StarHub - 4Q19 Within Expectations

  • StarHub's 4Q19 net profit of S$35m (+77% y-o-y, -21% q-o-q) was driven by cost discipline and higher handset sales. The q-o-q decline was due to one-off provision of S$10.9m relating to maintenance cost for submarine cable.
  • 2019 net profit of S$186m accounts for 101% of our forecast, in line with expectations. Competition was rational in 4Q19. StarHub will focus on driving near-term operational efficiency.
  • 1Q20 will be impacted by COVID-19.
  • Maintain HOLD and target price of S$1.45. Entry price: S$1.25.

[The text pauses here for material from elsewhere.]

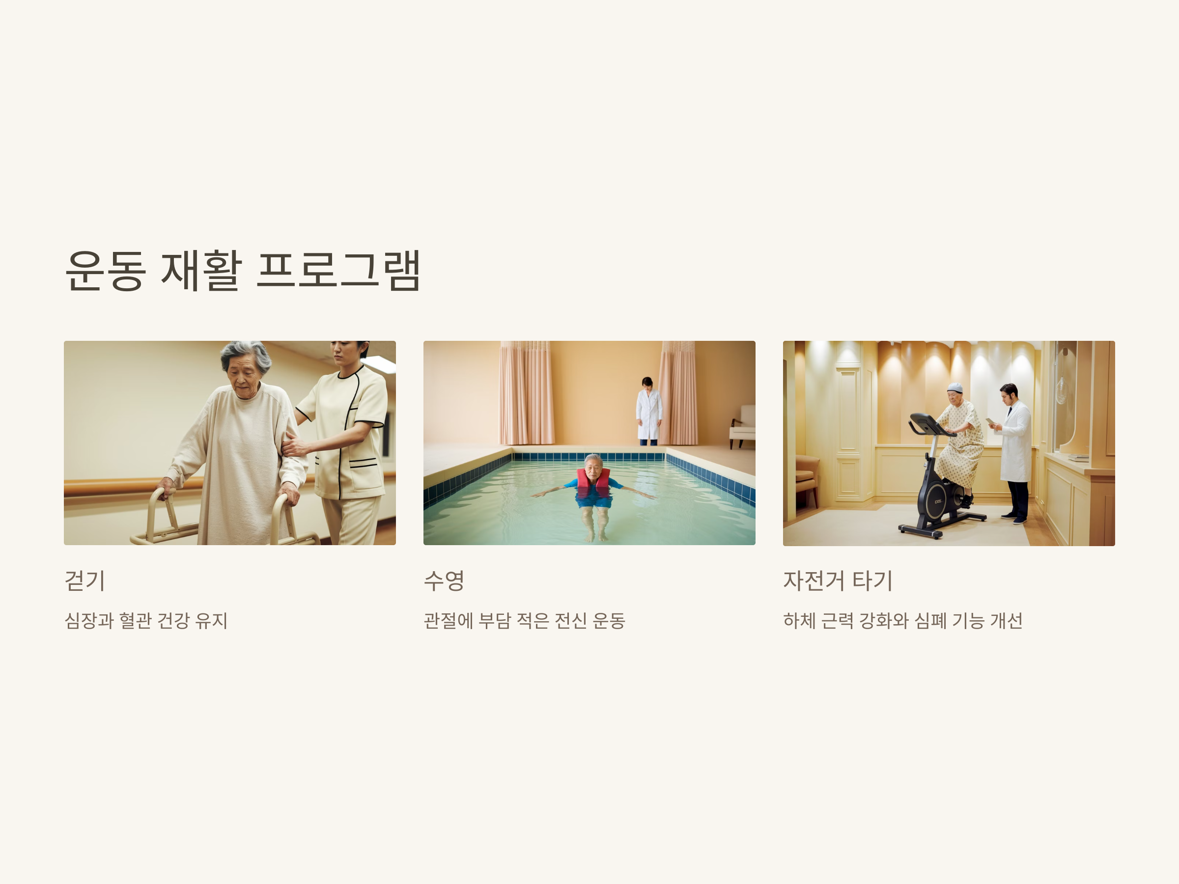 대동맥류 치료 후에는 다양한 종류의 재활 프로그램이 필요합니다. 운동치료, 물리치료, 심리 상담, 그리고 직업 재활 등 환자의 상태에 맞춘 다양한 프로그램을 제공하는 병원을 선택하는 것이 좋습니다. 이러한 치료 프로그램은 환자 개개인의 회복 상황에 맞추어 세분화된 맞춤형 치료를 받을 수 있게 해줍니다.

  • StarHub (SGX:CC3) reported 4Q19 net profit of S$35m (+77% y-o-y, -29% q-o-q). This reflects:
    1. continuous cost optimisation as StarHub achieved 64% cost savings to-date;
    2. seasonally higher handset sales; and
    3. higher cybersecurity and managed service revenue.
  • This was partly offset by lower pay-TV revenue and one-off provision of S$10.6m relating to contracted maintenance cost for submarine cable. 2019 net profit of S$186m (- 8% y-o-y) accounts for 101% of our forecast.
  • StarHub declared a final 2.25 S cents dividend, bringing full-year net DPS to 9 S cents. This translates into a net dividend yield of 6.0%.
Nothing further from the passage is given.